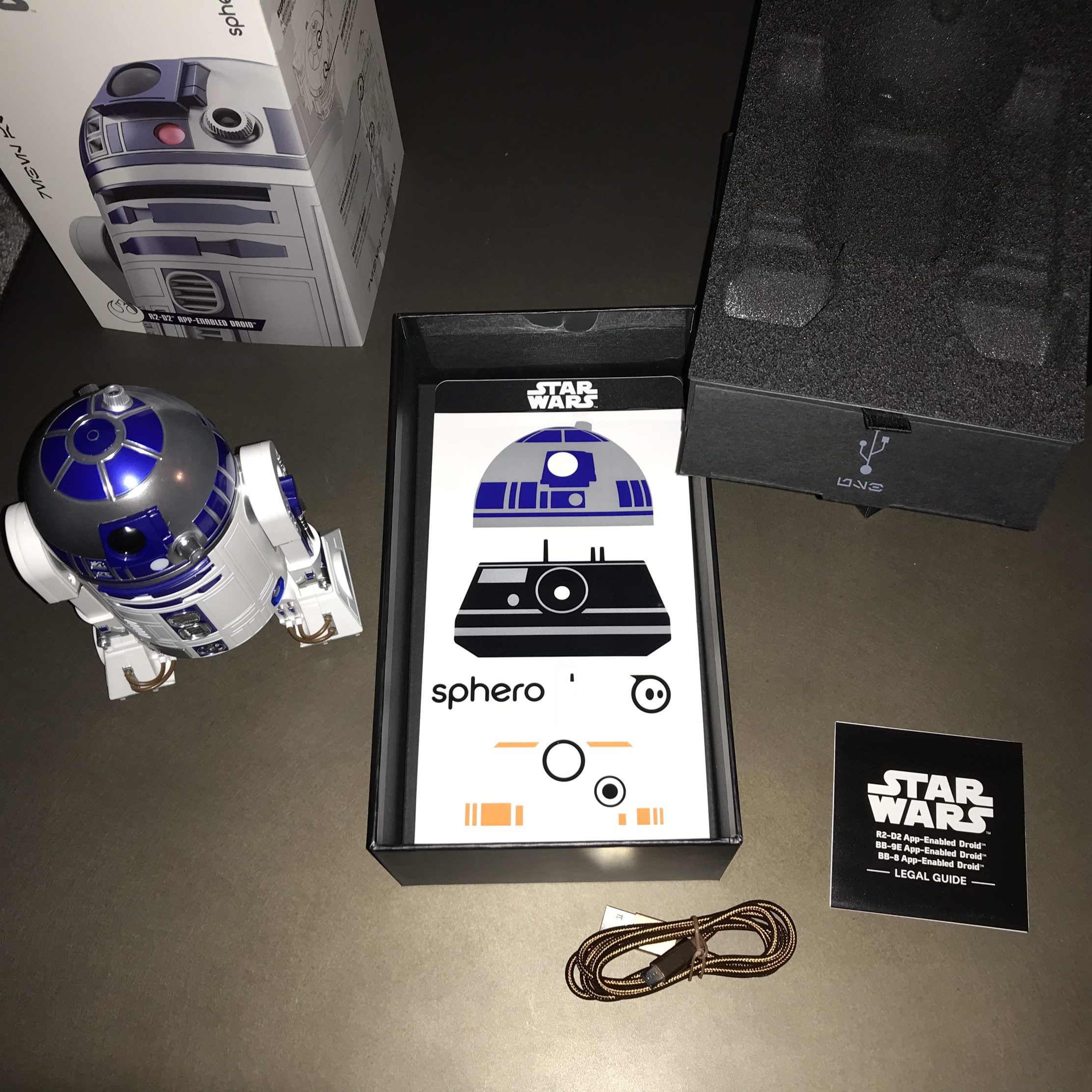 Lifting R2 out of his shipping foam, a small collection of pack-ins are revealed. Not much to see here, just a C3PO themed USB cable used for charging (which was a hilarious touch), a “legal guide” (because lawyers) and a (very) thin “getting started” manual. To be honest this is all you really need:
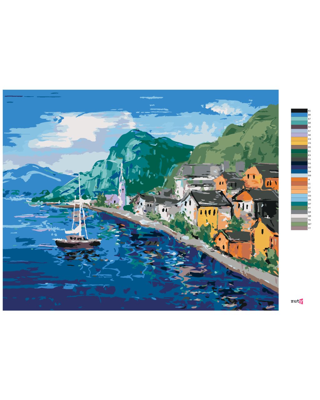 Maľovanie podľa čísel - POBREŽIE PRI HALLSTATT V RAKÚSKU
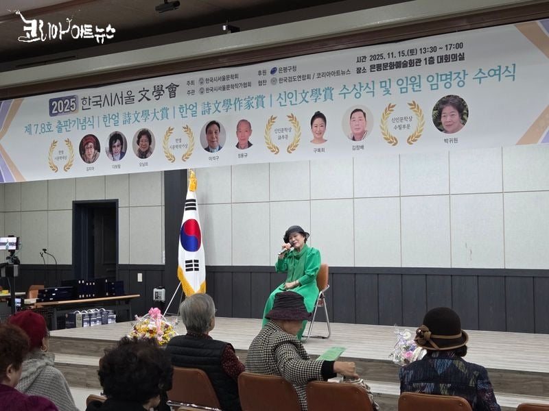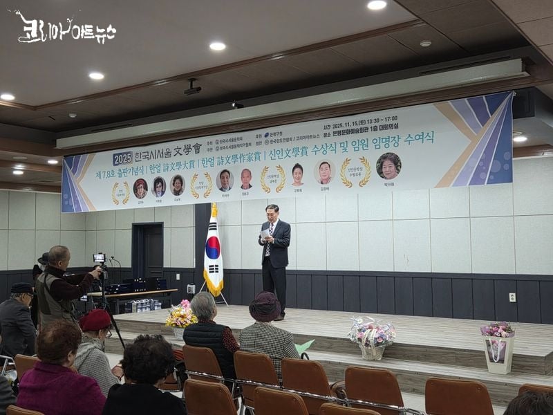 [문학=코리아아트뉴스 이청강 기자] 한국 시서울문학회(회장 이문희)는 지난 11월 15일(토) 오후 1시, 서울 은평구 은평문화예술회관 대회의실에서 종합문예지 제7·8호 출판기념식과 함께 문학상 시상식을 성대히 마쳤다.

What the task asks:
A word-for-word repeat of the lines from the line with "Maľovanie podľa čísel" to the last line of the data, both ends included and pictures left out, is all that should appear.

Solution below:
 Maľovanie podľa čísel - POBREŽIE PRI HALLSTATT V RAKÚSKU
 [문학=코리아아트뉴스 이청강 기자] 한국 시서울문학회(회장 이문희)는 지난 11월 15일(토) 오후 1시, 서울 은평구 은평문화예술회관 대회의실에서 종합문예지 제7·8호 출판기념식과 함께 문학상 시상식을 성대히 마쳤다.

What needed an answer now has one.